The boxplot is produced from the simple geom_boxplot() command. To order the data, I used the reorder command, which reorders the spec factor according to the median of DPS . This then gets applied to the aesthetic mappings of the ggplot() command to reorder the output.

A quick note: initially when trying to reorder factors and output for plots, I tried to do this using ggplot itself. This was a mistake, as it’s not easy to do so. After much hunting around, I saw that it’s better to reorder you factors before you put them into ggplot, then the output will come out in the right order.

Anyway, here’s the graph:

You can see that there’s quite a range of performance. The poorer-performing groups are, for the most part, those who have other roles so shouldn’t be high on DPS. That is, all apart from subtlety, which is not doing so well. That too, really has another role, but it’s surprising to see it so low (I remember when it was quite good for DPS, about five years ago though now).
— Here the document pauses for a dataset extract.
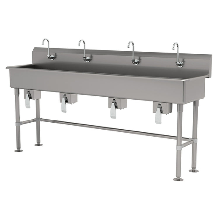 Advance Tabco FS-FM-80KV Multiwash Hand Sink is a highly functional fixture catering to diverse industrial applications, complete with a splash mount faucet provision and stainless steel legs with flanged feet for stability and durability. It features an overall dimension of 80 inches in width, 19-1/2 inches in depth, and 42-1/2 inches in height. The sink bowl measures 16 inches front-to-back and 8 inches in depth, which is ideal for various washing requirements. With an 8-1/2 inches high backsplash, it efficiently contains splashes, maintaining cleanliness in high-traffic environments. The unit is equipped with four single faucet holes, accommodating multiple gooseneck spouts for flexible water access. A 3-1/2 inches rear basket drain is included, ensuring smooth drainage while capturing debris. Constructed from 14 gauge 304 stainless steel, the FS-FM-80KV is robust and resistant to corrosion, making it suitable for rigorous use in settings such as commercial kitchens, laboratories, or healthcare facilities. The knee valve operation allows for hands-free use, promoting hygiene and convenience. This product is NSF certified, adhering to strict public health and safety standards, ensuring it meets industry requirements for quality and reliability.

Next, let’s take a look at something slightly different. In the data, we also have the seconds column, which lets us know how many seconds a player was active for. Perhaps it’s the case that players get tired, so a plot of their performance by how long they were active for might be revealing. It may alternatively be the case that a shorter period of time will benefit players because they can use special abilities which increase their damage output – though these abilities can only be used every few minutes. This could mean that a player who uses all of their special abilities and then dies (so their time stops) may have a high DPS output.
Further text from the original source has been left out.